Similar caveats apply to the institutionalization of alliance, as seen most visibly with the GCC and the AFU between the Hashemite kingdoms of Jordan and Iraq. Institutionalization attempts failed in cases when no additional kinship or ethnic bonds existed - like the Gulf Security Pact propagated by the shah. This pattern may have also frozen any plans for extending GCC membership to Jordan and Morocco so far.
The findings thus illustrate how identity' can forge and cement alliances that go beyond ad hoc coalitions that are based on “material” interest-based politics and deterrence. Alliances shaped by identity are more durable than ad hoc coalitions driven by common interests are. While a common threat might induce both, ad hoc coalitions break down when interests start to diverge again. In contrast, monarchic ingroup identification remains largely intact even after the departure of an immediate threat. Without such a sense of shared identity, Iraq felt free to attack Kuwait, previously joined into an ad hoc coalition with it against Iran. In contrast, the end of the Arab Cold War did not herald the end of intense and special monarchic relations (and joint peacefulness), although the level of mutual support decreased significantly.

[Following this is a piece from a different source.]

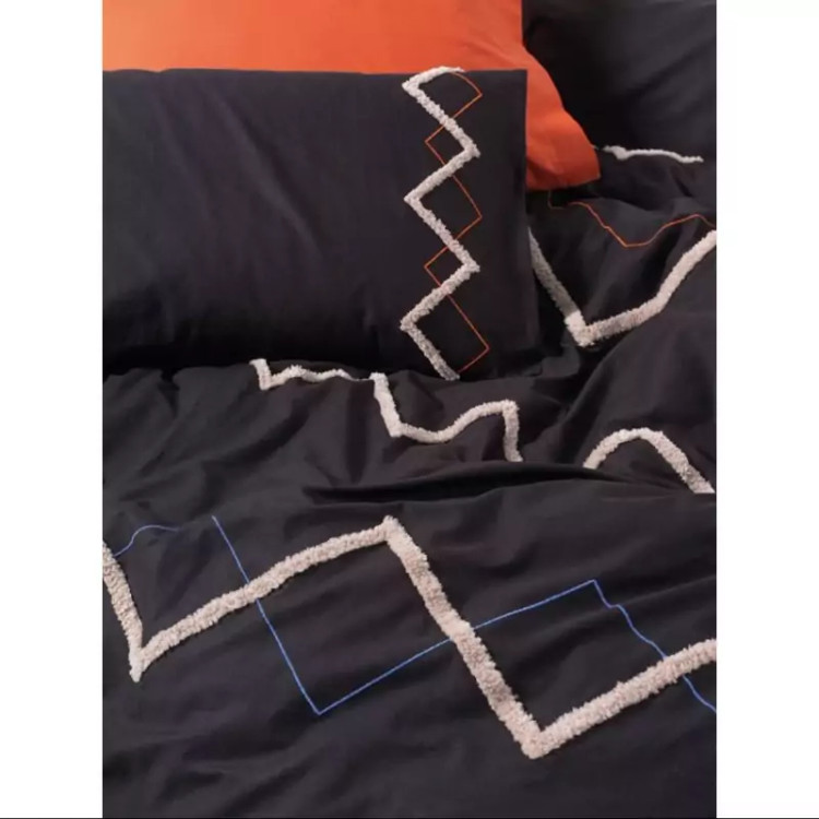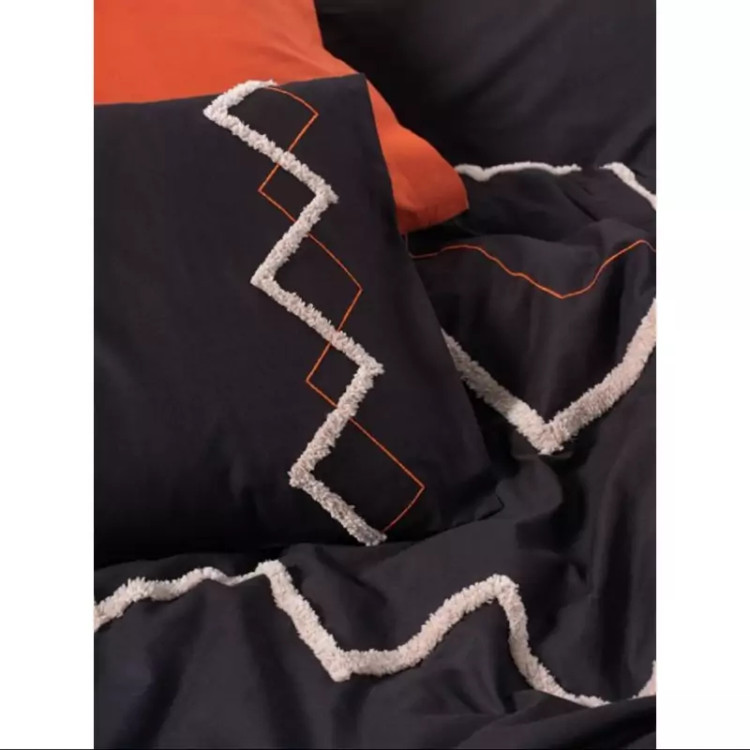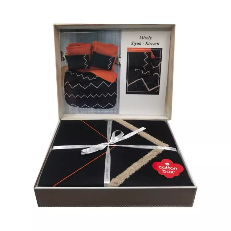 ست ملحفه کاتن باکس مدل Puff Nakisli Mirely Siyah-Kiremit دو نفره 6 تکه

The alliance within the GCC persisted even when Bahrain and Qatar were at odds over the Hawar Islands conflict. Even Iran and the Gulf monarchies continued to ally despite the shah's seizure of islands claimed by UAE emirates.

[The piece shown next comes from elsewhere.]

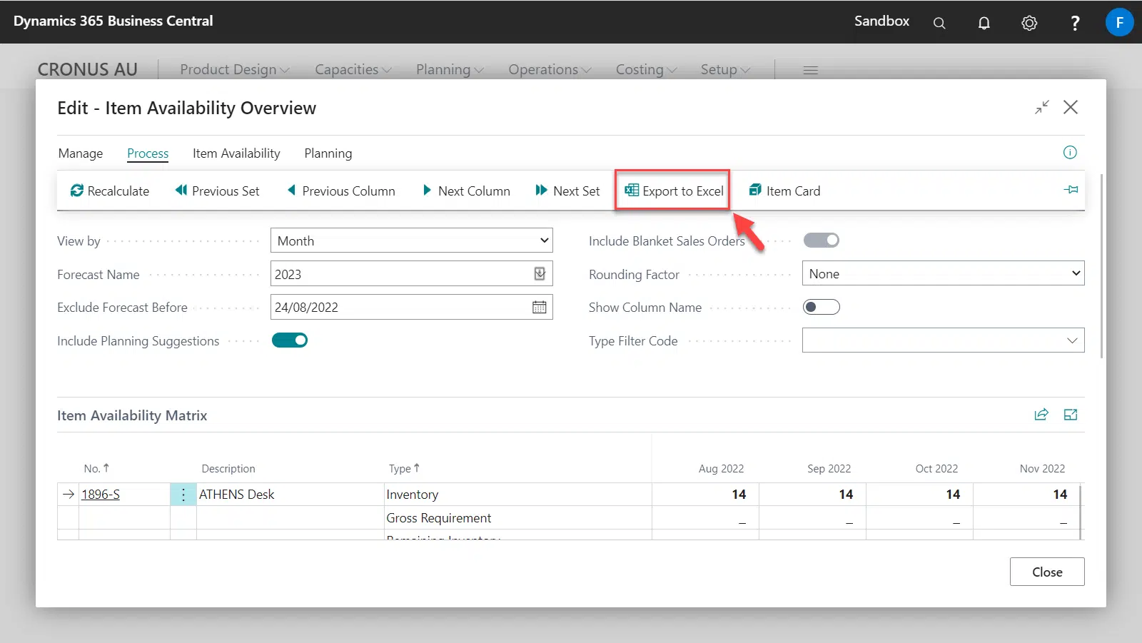 The entirety of the data displayed on the Item Availability Overview page can be exported to Excel. An excel spreadsheet will be downloaded that will hold the data displayed on this page.

The analysis strongly suggests that monarchic restraint is indeed dyadic and that there is no general monarchic peacefulness, based on the comparison with monarchic behavior toward republics provided by the case studies: subversion campaigns aimed at regime change, assassinations or support of militant groups are measures reserved against hostile republics. These measures were deployed by Saudi Arabia and Jordan against Egypt, Syria, and Iraq in the 1950s and 1960s, and the same policies were adopted by republics against each other or against monarchies, like the Iranian campaign against the GCC states in the 1980s or the Syrian campaign against Iraq in the 1970s. In addition, monarchies did not hesitate to even deploy military measures against republics, most prominently during the Gulf War of 1990/1991. The same systematic cooperation preference that could be found among monarchies had no effect on monarchy-republic interactions wherever political interests diverged. Despite strong disagreements among the dynasties, the spectrum of acceptable and legitimate behavior among monarchies was different from those toward republics like Egypt and Syria. Once states changed their regime, this pattern changed accordingly, as demonstrated by the two case studies of “quasi-experiments”. Two sets of standards were valid for conflict resolution with monarchies on the one hand and conflict resolution involving republics on the other. This supports the constructivist SIT interpretation rather than an institutionalist one.